On October 20, 2009, at a meeting of the Compensation Committee of the Board of Directors of the Company (the “Compensation Committee”), the Compensation Committee approved the reinstatement of the full salaries of the above-named named executive officers of the Company, effective November 1, 2009.

 

Item 5.03 Amendments to Articles of Incorporation or Bylaws; Change in Fiscal Year

On and effective as of October 21, 2009, the Board of Directors of the Company amended the Amended and Restated By-Laws of the Company (the “By-Laws”). The amendments clarify the procedures to be followed, and the type of information that must be included, with respect to a stockholder notice relating to director nominees or other business and, in some cases, expand the disclosure requirements in connection with making a stockholder proposal.
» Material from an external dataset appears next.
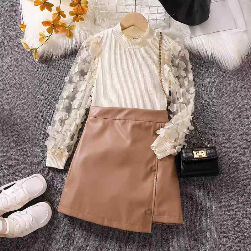 スカート 女の子 レザー メッシュ アップリケ スリーブ セット かわいい おしゃれ ガーリー 普段使い お出かけ着 インスタ映え
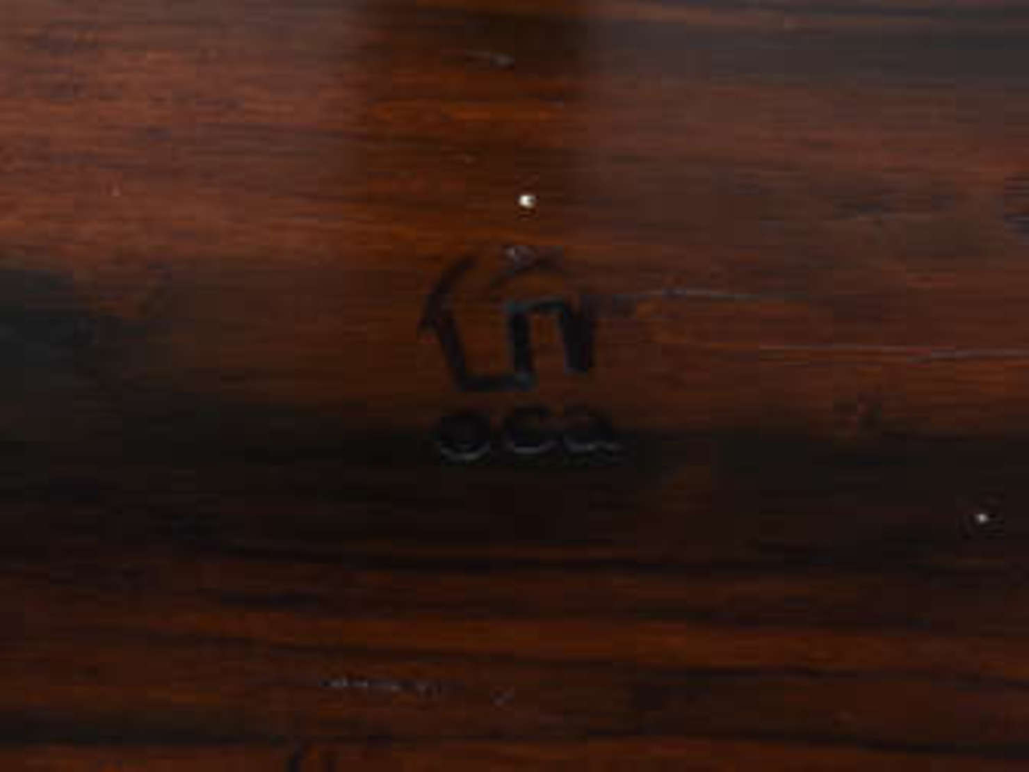 Mesa de resina oriental com entalhes em relevo.

The foregoing description of the amendments to the By-Laws is qualified in its entirety by reference to the full text of the By-Laws, as so amended, which are filed as Exhibit 3.1 hereto and incorporated herein by reference.

 

Item 9.01 Financial Statements and Exhibits.

(d) Exhibits.

 

Exhibit

No.

  

Description

3.1    By-Laws of Asbury Automotive Group, Inc., as amended to date.

 

2


SIGNATURE

Pursuant to the requirements of the Securities Exchange Act of 1934, the registrant has duly caused this report to be signed on its behalf by the undersigned hereunto duly authorized.

 

  ASBURY AUTOMOTIVE GROUP, INC.
Date: October 26, 2009   By:  

/S/    CHARLES R. OGLESBY        

  Name:   Charles R. Oglesby
  Title:   President & Chief Executive Officer


EXHIBIT INDEX

 

Exhibit

No.

  

Description

3.1    By-Laws of Asbury Automotive Group, Inc., as amended to date.